ルシアたちの様に永い年月やない。せやけど、永さだけが強さと同義だなどとは言わせぇへん。
言わせてなんてたまるかい。
地下基地を発見した俺は、ただ独り薄暗い地下で学び続けた。
すべてを何も知らない蛮族のごとき自分が、数ヶ月で。埃まみれの朽ちかけた本の山。
数万冊に及ぶゴミの中から命を削って学び終えた。
結果ヘイムダルの再起動に成功し、そこからさらにヘイムダルの知識と動かし方のすべてを同じだけの「時」をかけて学んだ。
食べるものも食べず死にかけた。
脳に栄養を送るためブドウ糖のみの点滴を繰り返し学び続けた。
その頃には既に狂っていたんやろうと思う。
いつの間に狂ったのか、初めから狂っていたのか、狂おうとして狂ったのか、狂おうとして狂えずに狂うフリをし続けたのか。もはやそんな事はどうでもええ。
どうでも良かった。
目的のため。唯一つの結果だけを求めて。
世界中の情報を集め続けた。整理し、計算し、その結果を引き寄せる為だけの計画を立て続けて。
そして実行に移した。
世界中から見い出した封印者になり得る適合者候補を洗い出し、選別した。
ルシアという過去人を追跡し、その端末杖にデータを送りつけ気付かれないように誘導した。
ナニールにも気付かれるわけにはいかへんかった。
【小瓶】と【蟲ども】に作用するブラインドウイルスを撒き散らして操作の痕跡を見えなくし、奴にとって邪魔者であるルシアの情報を細かく断片にして流し、先回りさせそちらに集中させた。
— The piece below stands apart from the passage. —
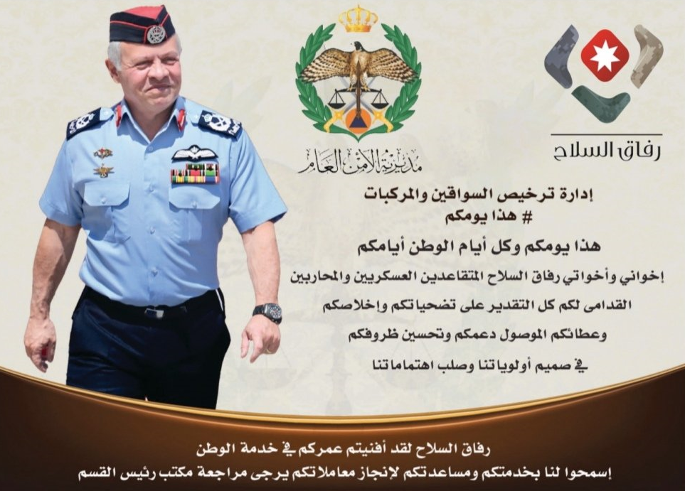 (بالصور) إدارة الترخيص تخصص مسارات خاصة للمتقاعدين العسكريين Last updated فبراير 16, 2021 Share وكالة الناس – إدارة ترخيص السواقين والمركبات : تخصص مسارات خاصة للمتقاعدين العسكريين.

機械体や探索虫が集めた情報ではないと気付かれてはならなかった。
慎重に、慎重に。
すべては自分たちの力と偶然がもたらしたものだと思い込ませた。
適合候補者たちとその近しい者たちの経歴をすべて調べ上げ、配置を完了させた。
計算。
ある者は旅に出なければならない様に、ある者は必要な心の強さと能力を開花させる方向へ。
計算。
ある時は手を差し伸べ、ある時は事態の推移により候補たちの心が壊れようとも見過ごした。心など動かへん。動く心はあの時死んだ。
計算。
そして、最後にはこのアルヘナ砂漠へ集まるように。すべての音楽が収束するそのさまを人形の音符で再現する。
計算計算計算。
シェリアークを奪われたことは痛いが、それ以外ではほとんどの操作に成功した。
心を操りはしない。封印には純粋な強い感情が必要なんやからな。過去の精霊科学の弊害により、今の時代の人間が失ってしまったエンパシーに近い感情の爆発能力。練成できれば物理力など比較にならない程の力を秘めた能力者たちの心を操らず、覗かず、ただ確率と統計の計算のみで【さとり】と【未来操作】を実現させた。
誰も気付かぬレベルで。ただ、必要な時に必要な場所に必要な言葉と物と人物と事件を配置し出会わせる事で。間接的に間接的に。点と線と。すべてが自然にこの状況になるように。細かい塵のような「小石」の配置。
百億手を超える詰め将棋。
脳みそが焼き切れるほどの終わり無い計算の果てに……。
「────せやけど、あと少しでそれも仕舞いや」
この見えない糸の糸繰り芝居も最終幕を残すのみ。すべてが終わりを遂げたとき、エピローグを観る事ができるのは誰やろうか。俺ではありえないのは残念やけど。
身体の中で「病」が動くのが解る。変質した細胞の群れ。欠陥品の血液が巡る。
おのれの細胞サイズの事柄すら計算により現状を完璧に理解しながら、おのれを救うすべての事柄が間に合わない、それが解る。体を酷使し、治療せず、未だ放射線の残る地に居続けた弊害だ。五年前なら気が狂ったやろう。せやけどすでに狂ってるんやからもはや大した事柄でもないやろう。
すべては、目的のために。
全脳細胞を使って、使い切ってここまできた。ここまで来れた。それでも。
これから先は確率をあまり高める事ができひんかった。後の推移はフィフティ・フィフティに近い。ヘイムダルが居ない状況での詰め将棋はもはや無理は利かへんやろう。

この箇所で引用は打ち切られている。